* [What the task asks]: From the line with "Please create 4" to the line with "Newspaper clippings describing", output every line below exactly, both ends included. Skip the pictures.

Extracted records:
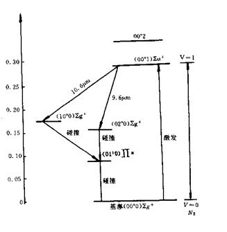 圖(2 與產(chǎn)生激光有關(guān)的CO2分子能級圖
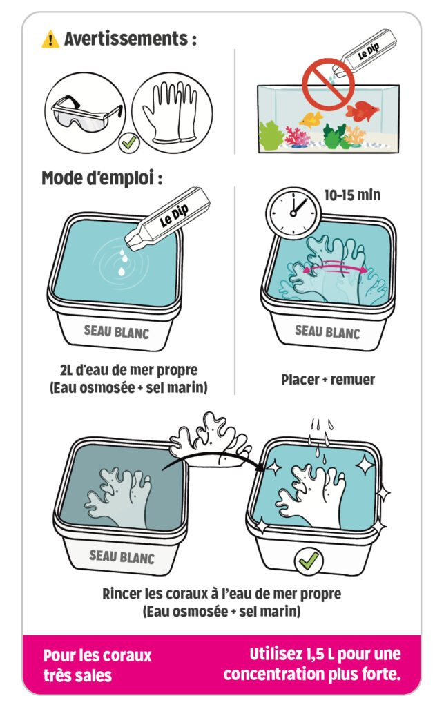En cas de coraux plus touchés, pour des effets renforcés du dip, vous pouvez réduire le volume d’eau à 1,5L.
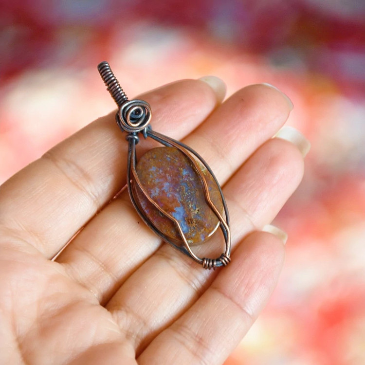 گردنبند سنگ عقیق جنس بدنه مس به همراه بند چرمی قابل تنظیم
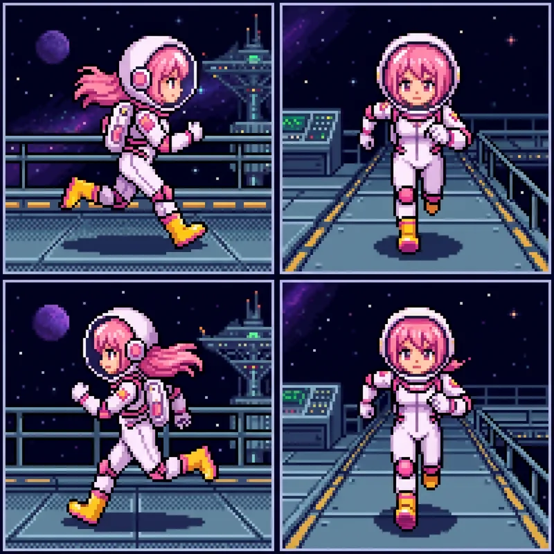 Please create 4 images of a pink-haired girl in a spacesuit in a pixel art style, showing running motions from the front and side views.
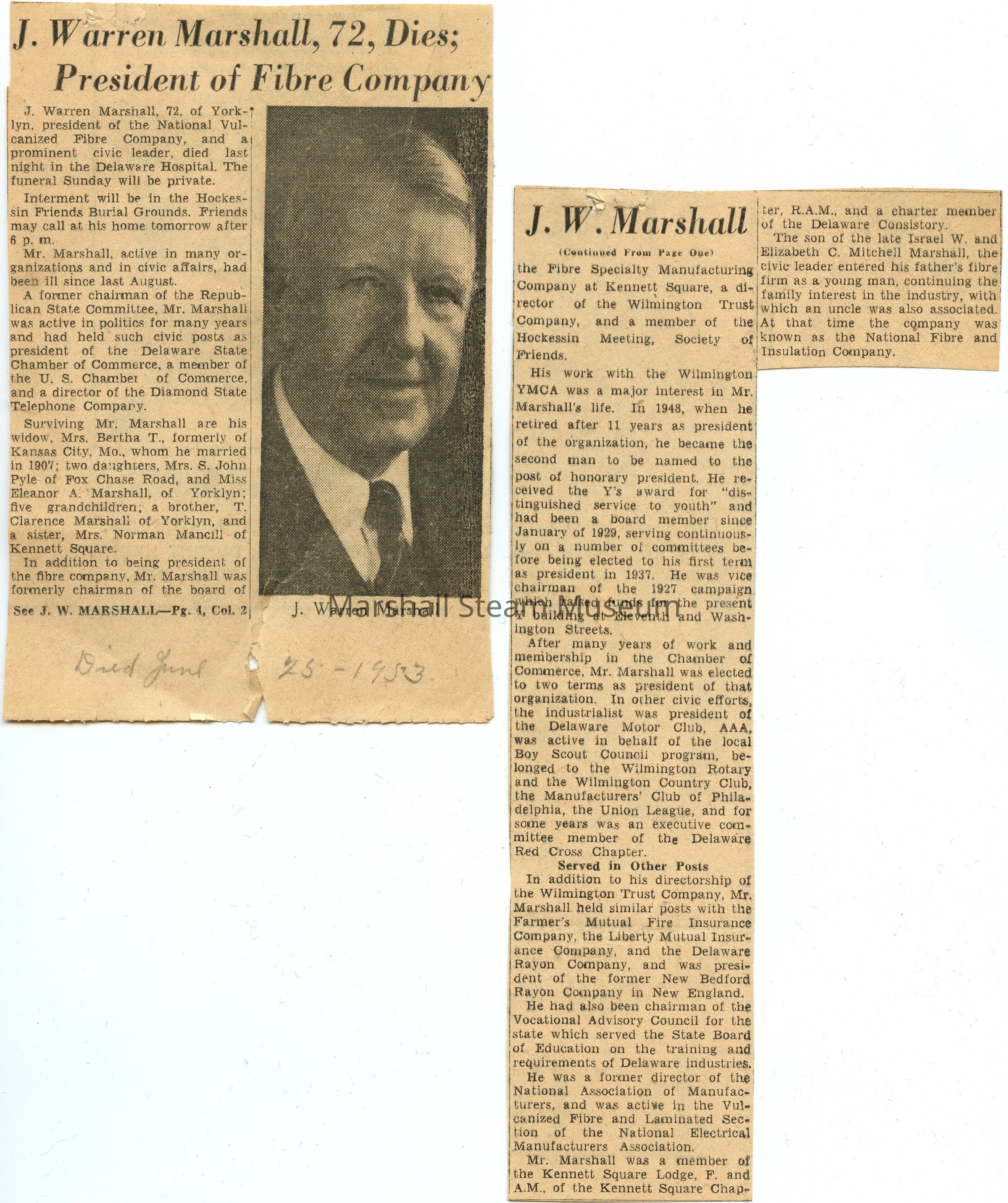 Newspaper clippings describing J. Warren Marshall, 72, of Yorklyn, president of the National Vulcanized Fibre Company died June 25, 1953
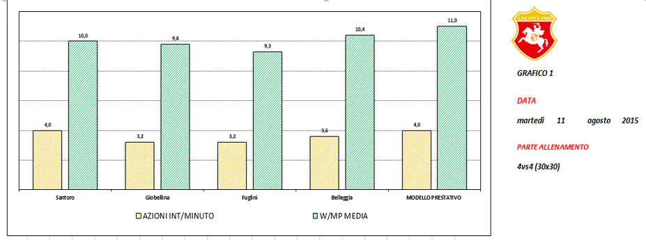 ANALISI DATI : come si può notare i dati del singolo giocatore sono stati confrontati con il modello di prestazione di una prima squadra. I dati di accelerazioni intense sono stati buoni con qualche giocatore di poco sotto la media e altri sopra la media, il valore di decelerazioni intense sono stati ottimi per l’obbiettivo che ci eravamo prefissati, infatti i valori sono alti in tutti e quattro i ragazzi, il dato dei cdd ci fà capire come questa esercitazione è ricca di movimenti specifici per il calciatore, le azioni intense al minuto dei quattro ragazzi ci confermano come questa esercitazione è stata molto densa di momenti di alta potenza, infine il valore di potenza metabolica nel secondo grafico è di poco sotto la media ma in queste esercitazioni è normale poichè la mancanza di momenti di alta velocità e l’analisi contenente recupero passivo possono portare ad un abbassamento della potenza media.

* [Final answer]:
 Please create 4 images of a pink-haired girl in a spacesuit in a pixel art style, showing running motions from the front and side views.
 Newspaper clippings describing J. Warren Marshall, 72, of Yorklyn, president of the National Vulcanized Fibre Company died June 25, 1953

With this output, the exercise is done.